The Shocker is a program for generating Purkinje networks (PN) in any type of endocardium surface which was implemented by me during my Phd. The Purkinje network is part of the Cardiac Conduction System (CCS) and is responsible for activating the ventricular walls in synchronous manner.
To generate a Purkinje network, the input data of the method is the following: an endocardium surface, a proximal location for the root branch, which must be within the endocardium surface.
In addition, the user can supply a set of active Purkinje-Ventricular-Muscles (PVJs) with their respective coordinates and Local Activation Time (LAT). In this scenario the Shocker method will try to connect the given active PVJs close to their reference LAT using optimization principles.

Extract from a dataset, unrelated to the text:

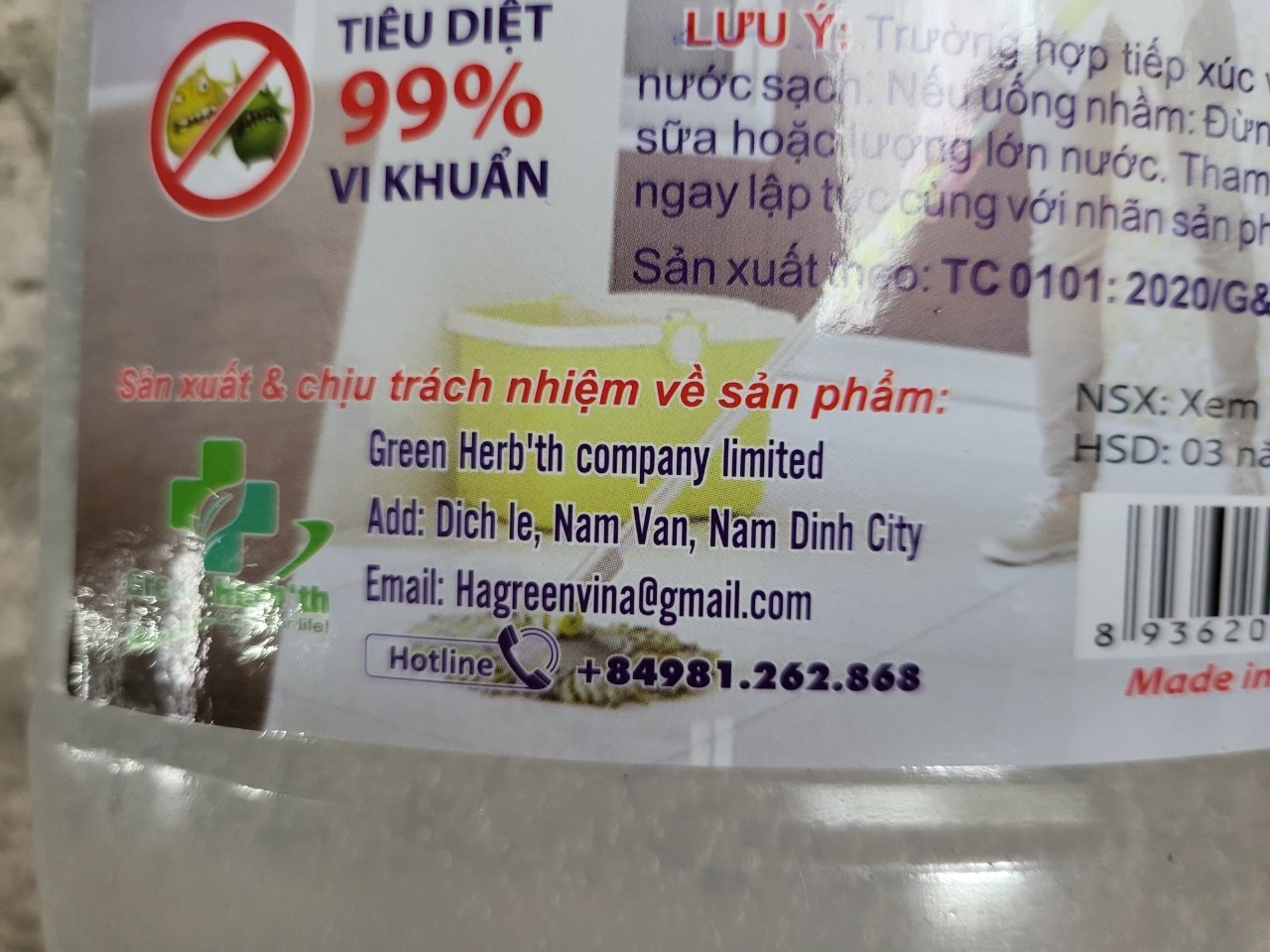 Trước đó, ngày 07/4/2022, Đội QLTT số 1, Cục Quản lý thị trường tỉnh Nam Định phối hợp với Đội 1- Phòng Cảnh sát điều tra tội phạm kinh tế, Công an tỉnh Nam Định tiến hành kiểm tra Công ty TNHH Green Herb'th, Địa chỉ: Thôn Địch Lễ, Xã Nam Vân, Thành phố Nam Định, Tỉnh Nam Định do ông Trần Văn Hà - làm Giám đốc. Qua kiểm tra, lực lượng chức năng đã phát hiện gần 4000 sản phẩm (gồm: chai xịt tác động đa côn trùng, chai xịt đặc trị ruồi, chai nước tẩy trắng, tẩy mốc OXO; nước rửa chén đậm đặc, chai nước tẩy toilet hữu cơ siêu sạch). Trên nhãn hàng hóa có nội dung thông tin thể hiện tên và địa chỉ của tổ chức, cá nhân chịu trách nhiệm về hàng hóa không được thể hiện bằng tiếng Việt theo quy định tại khoản 1, Điều 7, Nghị định số 43/2017/NĐ-CP được sửa đổi, bổ sung tại khoản 3, Điều 1, Nghị định số 111/2020/NĐ-CP, cụ thể trên nhãn hàng hóa ghi: “Green Herb’th company limited, Add: Dich Le, Nam Van, Nam Dinh City” đã vi phạm quy định tại Điểm b, Khoản 1, Điều 30 Nghị định 119/2017/NĐ-CP của Chính phủ, được sửa đổi, bổ sung tại Nghị định 126/2021/NĐ-CP ngày 30/12/2021 của Chính phủ. Trị giá hàng hóa vi phạm là gần 60 triệu đồng.

Furthermore, another feature of the Shocker program is that the user can also pass an initial configuration for the Purkinje network. This way well-known structures of the Purkinje system, like the Left-Bundle-Branch (LBB) and Right-Bundle-Branch (RBB), can be constructed beforehand using different techniques and be supplied as the initial network in order to provide better guidance of the regions that the PN certainly will occupy based on physiological observations. The second advantage of this feature is extending an already constructed PN by including different branches on its topology. For instance, these PNs could come as the output of another method already available in the literature. Thus, the user could want to increase its endocardium coverage or connect additional PVJs points, which is a feature that the available methods to generate PN in the literature currently do not have implemented.
Purkinje network growing in a left ventricle endocardium surface with the Shocker program.
The PN generated by the Shocker program were constructed in such way that they can be used alongside the MonoAlg3D program in cardiac simulations. Here are a few MonoAlg3D simulations executed with different types of Purkinje networks generated by the Shocker program. The endocardium surfaces have an increasing level of complexity.
MonoAlg3D simulations with different Purkinje networks considering a Simplified biventricular mesh.
On the left side of the video, a reference Purkinje network is given and activates both ventricles.
In the middle and right panels, two Purkinje networks generated by the Shocker program, where one have a good accuracy in connecting the active PVJs from the reference Purkinje network.
MonoAlg3D simulations with different Purkinje networks considering a Canine biventricular mesh.
On the left side of the video, a reference Purkinje network is given and activates both ventricles.
In the middle and right panels, two Purkinje networks generated by the Shocker program, where one have a good accuracy in connecting the active PVJs from the reference Purkinje network.
MonoAlg3D simulations with different Purkinje networks considering a Patient-specific biventricular mesh.
On the left side of the video, inferred active PVJs activates both ventricles.
In the middle and right panels, two Purkinje networks generated by the Shocker program, where one have a good accuracy in connecting the active PVJs from the reference Purkinje network.